In general, a server misconfiguration will result in the model executing without an IO servers active, and any MPI tasks assigned will idle for the duration of the program and IO will be performed by R_0.
Using an IO server perturbs the normal layout of the atmosphere processes, particularly output files from each process are named with its global rank, not the rank within the atmosphere model. Certain configurations may set the first task to be an IO server, will sends IO sever output to *.leave
files.
Introducing IO servers changes the decomposition of atmospheric tasks, which will impact bit reproducibility.
Output files#
The stdout/Fortran unit 6 output files from IOS tasks are names consistently with the atmosphere files as <experiment>.fort6.pe<num>
where <num>
is the global MPI task rank. Changing IOS parameters will alter the file contents. In bad configurations, the output of rank zero may be from an IOS task and copied into the “leave” file.
Additional files produced by IOS server tasks:
ioserver_log.<num>
where<num>
is again the global rank. This file tracks memory use of the IO Server in three columns; time, queue size in words and change in queue size in words. The file can be loaded into gnuplot directly., e.g.plot ioserver_log.0031
.
Setup Guide#
When setting up an IO server, be aware of the following conditions.
Domain restrictions#
When you assign processors to an I/O server, you will change the overall decomposition of your domain. You have to run the reconfiguration step every time you change the domain decomposition.

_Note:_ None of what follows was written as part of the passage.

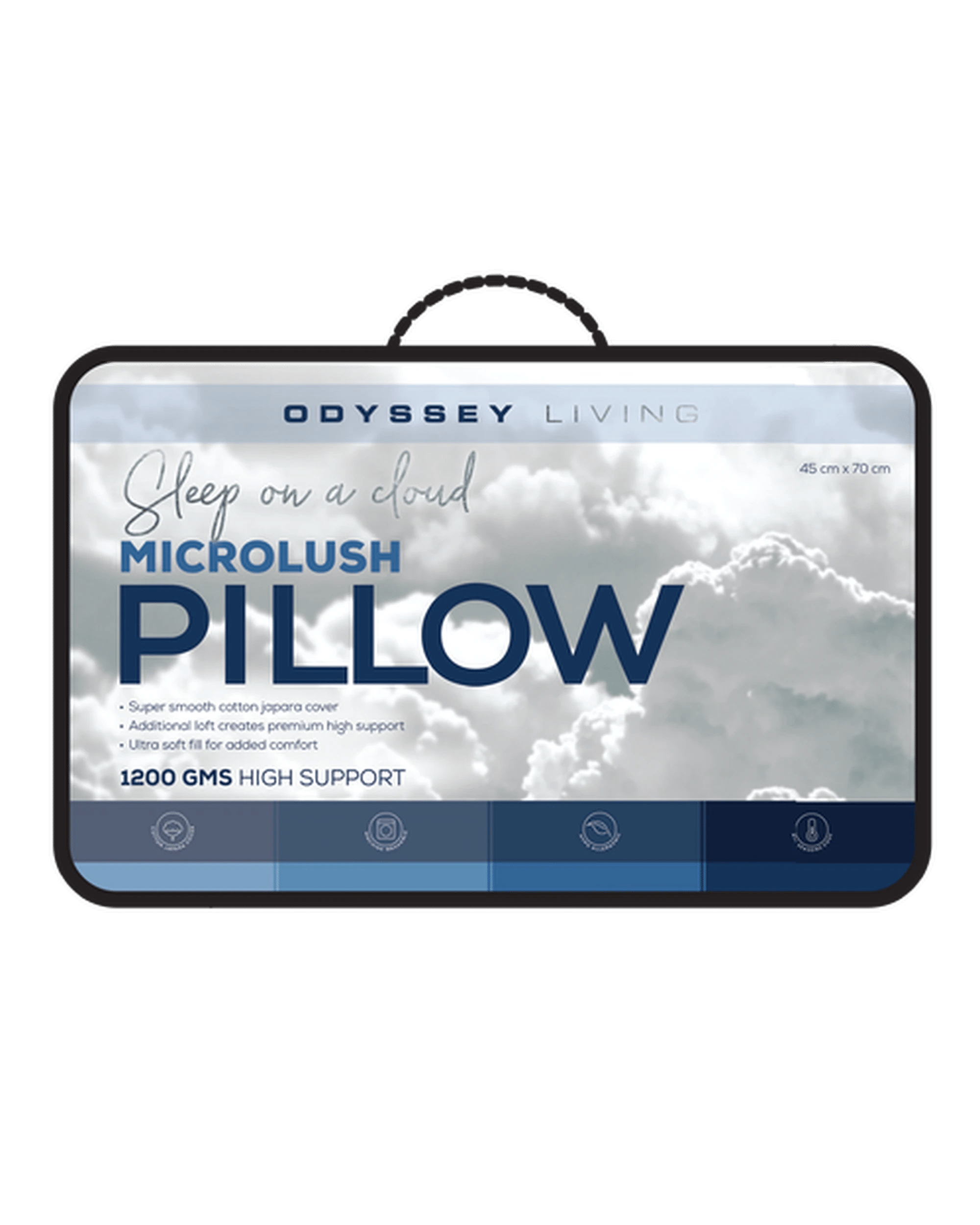 Odyssey Living Microlush Pillow 45 x 70 cm, 1200gsm Microfibre Fill, 100% Cotton Japara Cover - White

You assign the number of processors to the I/O servers by altering the FLUME_IOS_NPROC
environment variable. Any non-zero value will trigger UM I/O logic and it will try to configure an I/O using the input environment variables and namelist inputs.
I’m fairly sure you must be using at least two OPENMP threads in the UM task (i.e. set UM_ATM_OMP=2
in site/nci-gadi/suite-adds.rc
for the rAM3 suite.)
The I/O namelist controls are located in app/um/rose-app.conf
in the [namelist:ioscntl]
section.
From the Bureau advice on suite optimisation link at code.metoffice.gov.uk
Gadi Cascade Lake nodes have 48 cores per node. Number of threads OMP_NUM_THREADS specified for a job should be set in a way that number of cores per node (48 is in the Cascade Lake case) is multiple of OMP_NUM_THREADS. The total number of cores used by a UM run is (NPROCX * NPROCY + FLUME_IOS_NPROC) * OMP_NUM_THREADS
In our suite.rc
files this is specified using
-l ncpus = {{(nx * ny + ios) * omp}}
The above link also suggests that
ios_spacing
– it is recommended that no more than a single IO server PE should be placed on each node, on Cascade Lake nodes with 48 cores per node it is achieved with ios_spacing=48/OMP_NUM_THREADS
However, for the AUS2200 configuration running on the Sapphire Rapid nodes, the following configuration was used when running a 68x68 decomposition using 96 threads per node and .
ios_spacing=68
Addittionally,
ios_tasks_per_server=8
was used because the AUS2200 model output six files (including the restart dump) at the end of the final timestep. So setting FLUME_IOS_NCPROC = 48
with 8 tasks per server allowed these six file writes to be written in parallel.
Investigation of the I/O server parameter settings for UM tasks on Gadi could prove fruitful.